■ DATA TO PROCESS ■
———

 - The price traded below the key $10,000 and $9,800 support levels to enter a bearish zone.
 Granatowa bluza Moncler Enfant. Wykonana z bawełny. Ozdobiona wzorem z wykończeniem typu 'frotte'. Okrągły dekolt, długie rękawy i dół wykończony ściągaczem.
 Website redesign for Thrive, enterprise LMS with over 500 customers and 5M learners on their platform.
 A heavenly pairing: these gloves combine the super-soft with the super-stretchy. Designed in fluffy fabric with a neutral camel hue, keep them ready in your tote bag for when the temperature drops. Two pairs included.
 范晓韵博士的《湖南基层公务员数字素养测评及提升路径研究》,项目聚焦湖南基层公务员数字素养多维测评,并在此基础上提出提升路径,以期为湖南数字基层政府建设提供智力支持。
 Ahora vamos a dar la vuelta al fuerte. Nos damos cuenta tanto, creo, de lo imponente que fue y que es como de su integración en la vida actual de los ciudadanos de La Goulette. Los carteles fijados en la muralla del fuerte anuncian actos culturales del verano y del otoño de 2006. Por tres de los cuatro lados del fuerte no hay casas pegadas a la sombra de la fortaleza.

———

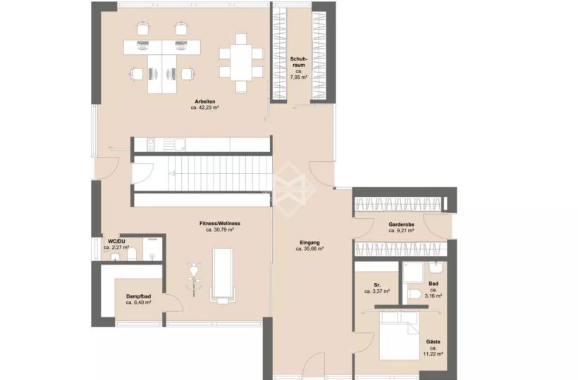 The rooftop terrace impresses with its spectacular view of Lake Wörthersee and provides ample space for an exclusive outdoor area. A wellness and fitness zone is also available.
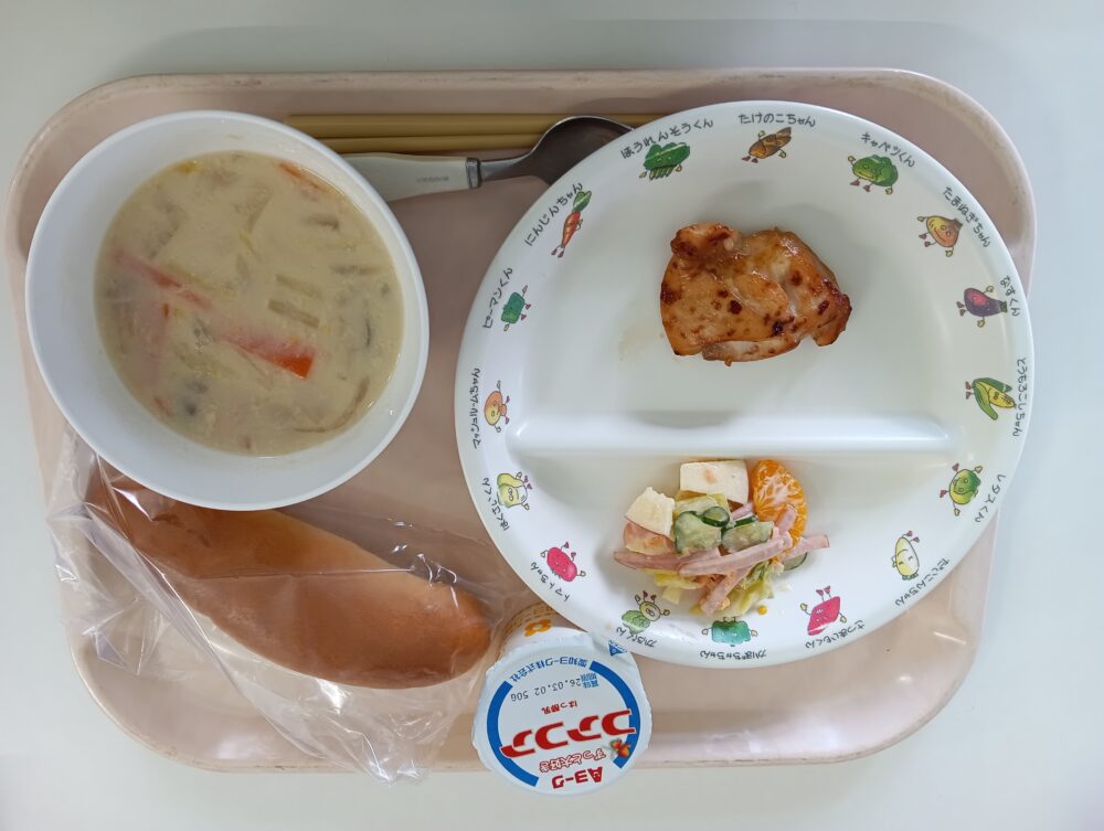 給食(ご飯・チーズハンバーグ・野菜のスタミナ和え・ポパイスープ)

———

■ WHAT IS BEING ASKED ■
An exact, complete copy of the lines above from the one with "- The price" through the one with "Ahora vamos a" is the whole answer.

■ EXERCISE ANSWER ■
 - The price traded below the key $10,000 and $9,800 support levels to enter a bearish zone.
 Granatowa bluza Moncler Enfant. Wykonana z bawełny. Ozdobiona wzorem z wykończeniem typu 'frotte'. Okrągły dekolt, długie rękawy i dół wykończony ściągaczem.
 Website redesign for Thrive, enterprise LMS with over 500 customers and 5M learners on their platform.
 A heavenly pairing: these gloves combine the super-soft with the super-stretchy. Designed in fluffy fabric with a neutral camel hue, keep them ready in your tote bag for when the temperature drops. Two pairs included.
 范晓韵博士的《湖南基层公务员数字素养测评及提升路径研究》,项目聚焦湖南基层公务员数字素养多维测评,并在此基础上提出提升路径,以期为湖南数字基层政府建设提供智力支持。
 Ahora vamos a dar la vuelta al fuerte. Nos damos cuenta tanto, creo, de lo imponente que fue y que es como de su integración en la vida actual de los ciudadanos de La Goulette. Los carteles fijados en la muralla del fuerte anuncian actos culturales del verano y del otoño de 2006. Por tres de los cuatro lados del fuerte no hay casas pegadas a la sombra de la fortaleza.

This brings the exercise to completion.